START DATA FOR PROCESSING

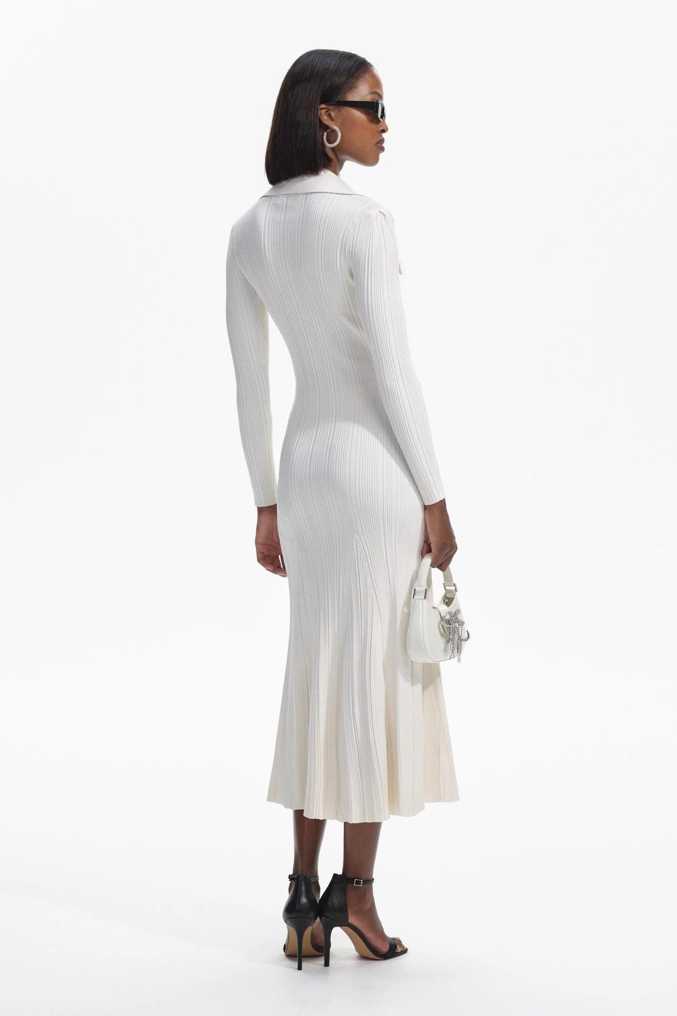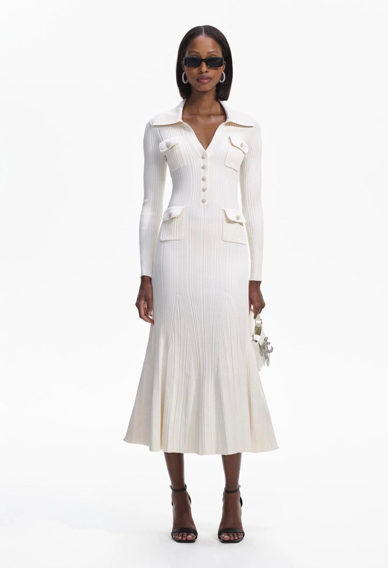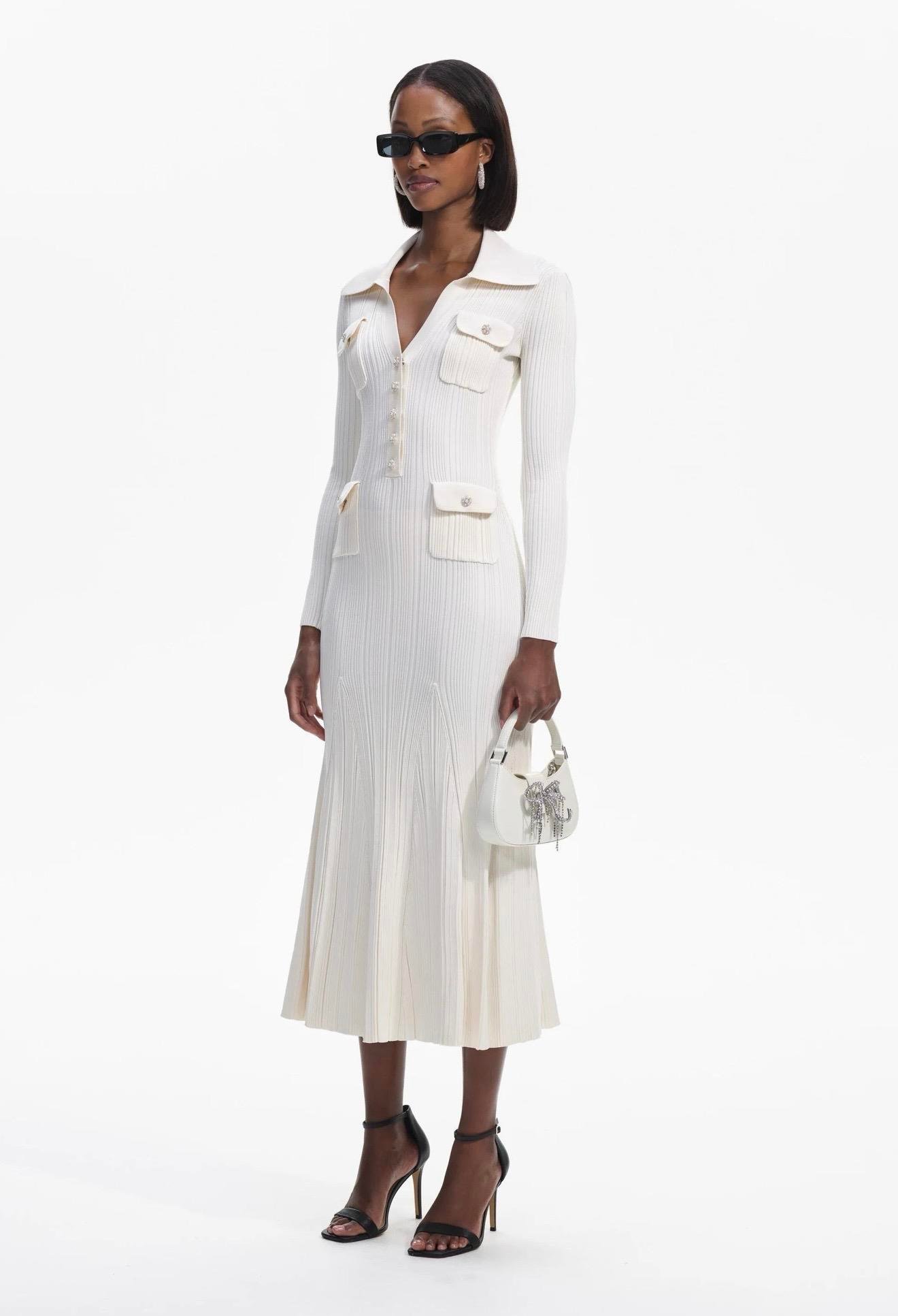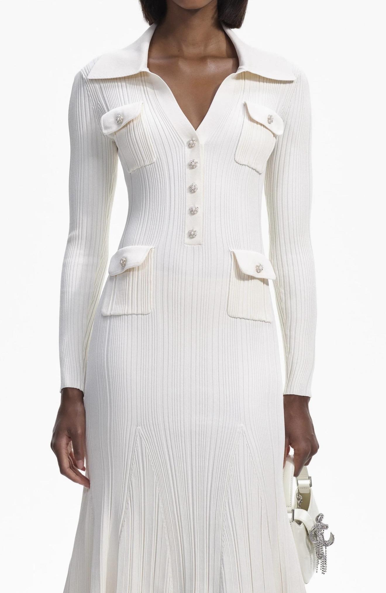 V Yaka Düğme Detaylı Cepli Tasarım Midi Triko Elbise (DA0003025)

END DATA FOR PROCESSING
START DATA FOR PROCESSING

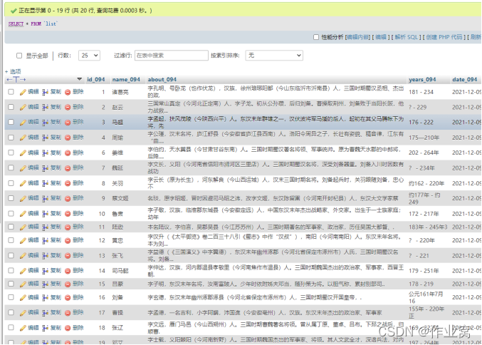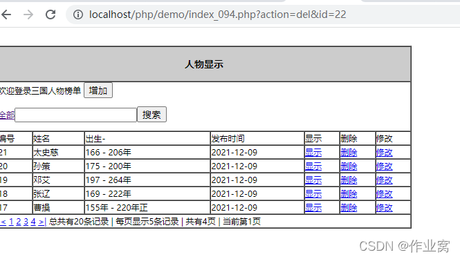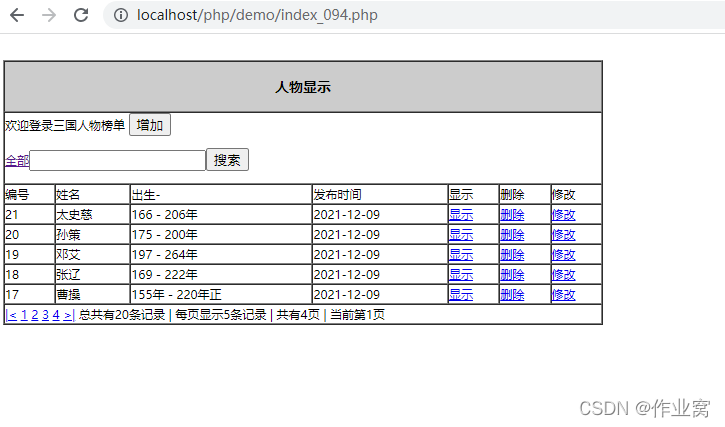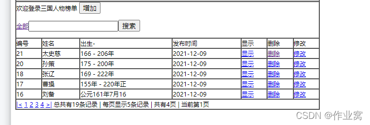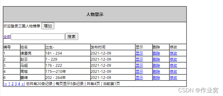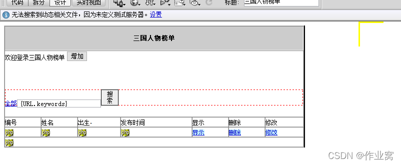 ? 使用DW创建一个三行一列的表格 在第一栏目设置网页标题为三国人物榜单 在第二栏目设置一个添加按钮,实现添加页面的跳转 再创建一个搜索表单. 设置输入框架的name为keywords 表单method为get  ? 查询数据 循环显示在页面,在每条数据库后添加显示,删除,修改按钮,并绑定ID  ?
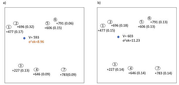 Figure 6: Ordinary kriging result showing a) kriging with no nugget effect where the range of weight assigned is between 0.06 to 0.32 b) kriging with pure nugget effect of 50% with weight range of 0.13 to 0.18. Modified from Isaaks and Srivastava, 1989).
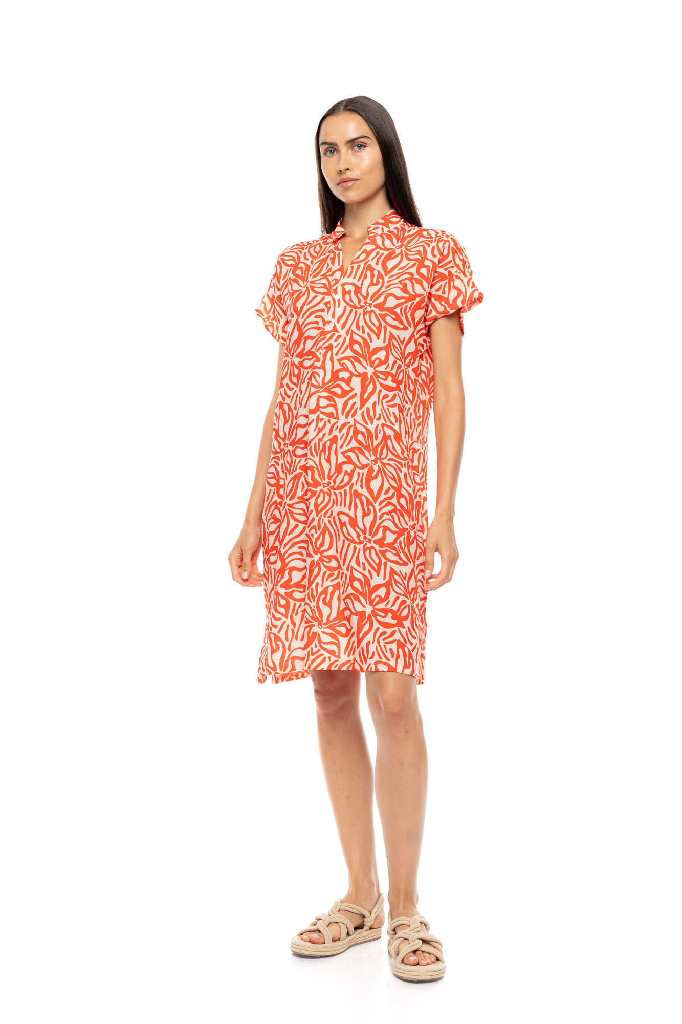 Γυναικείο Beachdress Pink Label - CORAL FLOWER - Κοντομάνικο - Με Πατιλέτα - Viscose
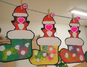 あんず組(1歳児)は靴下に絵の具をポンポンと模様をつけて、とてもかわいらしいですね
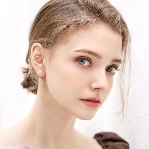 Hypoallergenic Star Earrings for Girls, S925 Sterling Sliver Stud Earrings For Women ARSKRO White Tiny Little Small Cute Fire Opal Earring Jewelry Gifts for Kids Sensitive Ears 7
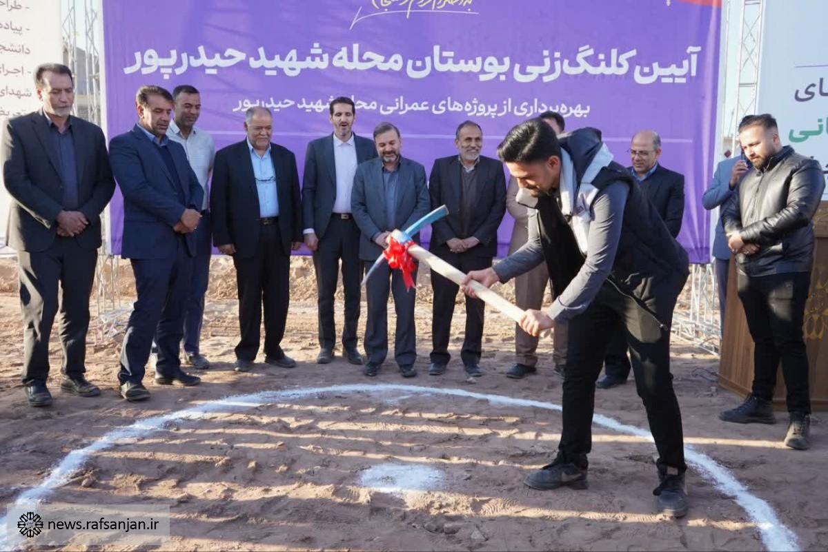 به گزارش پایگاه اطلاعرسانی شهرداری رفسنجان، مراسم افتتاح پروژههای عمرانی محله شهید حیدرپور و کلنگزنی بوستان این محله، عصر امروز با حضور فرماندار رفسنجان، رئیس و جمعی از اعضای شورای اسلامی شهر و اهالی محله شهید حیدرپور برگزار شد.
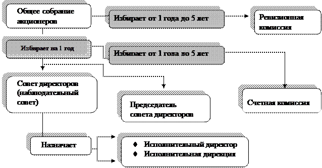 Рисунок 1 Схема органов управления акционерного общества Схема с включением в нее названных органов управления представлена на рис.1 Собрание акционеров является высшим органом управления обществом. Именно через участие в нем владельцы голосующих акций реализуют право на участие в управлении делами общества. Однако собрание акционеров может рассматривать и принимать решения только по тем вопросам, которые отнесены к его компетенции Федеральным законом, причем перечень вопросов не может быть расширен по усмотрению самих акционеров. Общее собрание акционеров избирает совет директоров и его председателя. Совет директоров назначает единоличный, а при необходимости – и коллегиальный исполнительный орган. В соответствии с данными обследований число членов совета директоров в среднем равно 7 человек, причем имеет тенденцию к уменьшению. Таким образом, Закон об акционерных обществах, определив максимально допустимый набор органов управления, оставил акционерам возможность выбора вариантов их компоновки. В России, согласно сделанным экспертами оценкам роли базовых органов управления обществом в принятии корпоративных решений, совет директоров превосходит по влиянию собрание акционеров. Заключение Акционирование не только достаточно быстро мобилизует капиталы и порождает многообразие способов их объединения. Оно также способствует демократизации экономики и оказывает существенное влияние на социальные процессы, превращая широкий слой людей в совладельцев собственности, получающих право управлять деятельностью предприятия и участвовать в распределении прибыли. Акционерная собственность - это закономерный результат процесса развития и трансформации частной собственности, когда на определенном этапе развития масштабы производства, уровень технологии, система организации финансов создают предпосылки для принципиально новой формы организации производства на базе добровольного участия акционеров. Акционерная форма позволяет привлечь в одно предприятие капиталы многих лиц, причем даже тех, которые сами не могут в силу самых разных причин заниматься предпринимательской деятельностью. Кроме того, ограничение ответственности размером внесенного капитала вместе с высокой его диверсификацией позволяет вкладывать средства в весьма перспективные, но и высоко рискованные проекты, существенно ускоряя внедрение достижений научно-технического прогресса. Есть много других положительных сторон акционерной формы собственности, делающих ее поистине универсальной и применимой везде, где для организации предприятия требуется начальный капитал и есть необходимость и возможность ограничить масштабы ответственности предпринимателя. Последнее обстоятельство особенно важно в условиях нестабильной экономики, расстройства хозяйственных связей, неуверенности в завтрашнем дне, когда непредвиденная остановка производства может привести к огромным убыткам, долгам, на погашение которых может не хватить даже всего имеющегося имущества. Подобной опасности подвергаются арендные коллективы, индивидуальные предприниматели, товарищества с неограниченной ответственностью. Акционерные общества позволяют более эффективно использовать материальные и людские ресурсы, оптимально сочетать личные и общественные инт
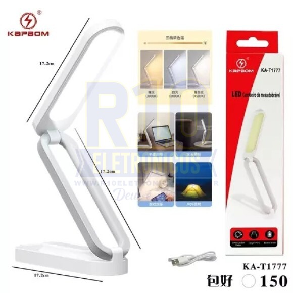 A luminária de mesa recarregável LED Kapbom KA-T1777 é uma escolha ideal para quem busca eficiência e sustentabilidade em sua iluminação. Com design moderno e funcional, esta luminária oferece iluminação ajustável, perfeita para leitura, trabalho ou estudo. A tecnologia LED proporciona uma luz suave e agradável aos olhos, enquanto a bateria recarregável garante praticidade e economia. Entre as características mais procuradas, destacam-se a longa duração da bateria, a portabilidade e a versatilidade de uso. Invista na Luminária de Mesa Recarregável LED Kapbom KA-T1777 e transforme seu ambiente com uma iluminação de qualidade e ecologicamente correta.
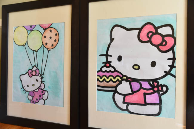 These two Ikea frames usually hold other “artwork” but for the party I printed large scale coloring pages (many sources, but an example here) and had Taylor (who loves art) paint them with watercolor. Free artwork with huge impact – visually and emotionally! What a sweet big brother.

END DATA FOR PROCESSING
START DATA FOR PROCESSING

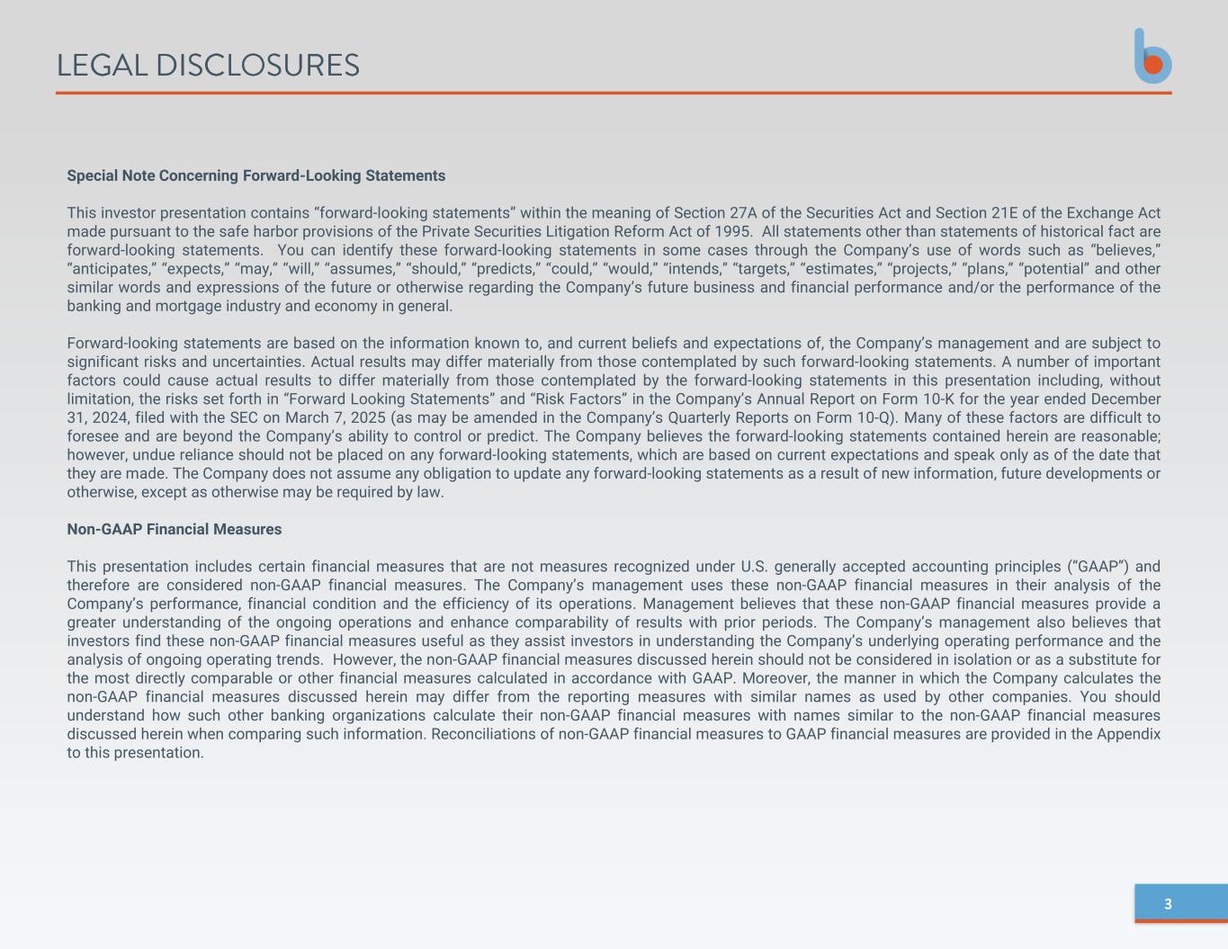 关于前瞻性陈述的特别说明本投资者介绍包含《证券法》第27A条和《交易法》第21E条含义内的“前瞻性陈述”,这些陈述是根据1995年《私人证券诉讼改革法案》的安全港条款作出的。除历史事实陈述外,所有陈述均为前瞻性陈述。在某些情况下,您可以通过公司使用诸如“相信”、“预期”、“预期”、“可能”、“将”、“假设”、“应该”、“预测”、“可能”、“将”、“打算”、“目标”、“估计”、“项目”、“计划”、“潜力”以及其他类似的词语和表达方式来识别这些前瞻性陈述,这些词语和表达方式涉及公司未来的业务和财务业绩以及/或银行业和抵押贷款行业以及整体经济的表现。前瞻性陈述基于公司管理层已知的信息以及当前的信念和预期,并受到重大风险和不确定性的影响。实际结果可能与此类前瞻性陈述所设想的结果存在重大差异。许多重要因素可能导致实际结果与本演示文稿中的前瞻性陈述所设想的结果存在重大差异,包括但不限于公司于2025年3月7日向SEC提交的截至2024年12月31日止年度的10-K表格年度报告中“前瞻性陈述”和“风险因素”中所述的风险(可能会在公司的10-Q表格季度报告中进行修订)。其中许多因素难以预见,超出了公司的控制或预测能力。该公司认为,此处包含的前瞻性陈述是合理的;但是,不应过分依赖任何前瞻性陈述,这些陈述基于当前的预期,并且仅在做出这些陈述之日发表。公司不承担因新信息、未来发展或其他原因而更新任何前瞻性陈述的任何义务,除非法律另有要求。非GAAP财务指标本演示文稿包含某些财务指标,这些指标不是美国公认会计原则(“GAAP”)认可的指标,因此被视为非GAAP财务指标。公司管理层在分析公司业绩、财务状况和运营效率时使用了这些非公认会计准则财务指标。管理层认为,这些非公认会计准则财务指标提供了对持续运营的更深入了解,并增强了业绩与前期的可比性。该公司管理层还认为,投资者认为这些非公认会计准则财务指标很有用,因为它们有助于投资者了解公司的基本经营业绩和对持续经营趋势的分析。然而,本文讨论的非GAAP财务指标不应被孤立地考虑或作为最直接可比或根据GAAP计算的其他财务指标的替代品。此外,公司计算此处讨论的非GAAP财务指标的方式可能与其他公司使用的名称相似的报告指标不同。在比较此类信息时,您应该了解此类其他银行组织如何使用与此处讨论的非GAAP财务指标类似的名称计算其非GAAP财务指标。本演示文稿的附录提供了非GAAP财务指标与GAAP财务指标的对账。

END DATA FOR PROCESSING

[WHAT TO PRODUCE] Return exactly the lines of the material above, starting at the line containing "あんず組(1歳児)は靴下に絵" and finishing at the line containing "به گزارش پایگاه", without any pictures.

[SOLUTION FOR THIS EXERCISE]
 あんず組(1歳児)は靴下に絵の具をポンポンと模様をつけて、とてもかわいらしいですね
 Hypoallergenic Star Earrings for Girls, S925 Sterling Sliver Stud Earrings For Women ARSKRO White Tiny Little Small Cute Fire Opal Earring Jewelry Gifts for Kids Sensitive Ears 7
 به گزارش پایگاه اطلاعرسانی شهرداری رفسنجان، مراسم افتتاح پروژههای عمرانی محله شهید حیدرپور و کلنگزنی بوستان این محله، عصر امروز با حضور فرماندار رفسنجان، رئیس و جمعی از اعضای شورای اسلامی شهر و اهالی محله شهید حیدرپور برگزار شد.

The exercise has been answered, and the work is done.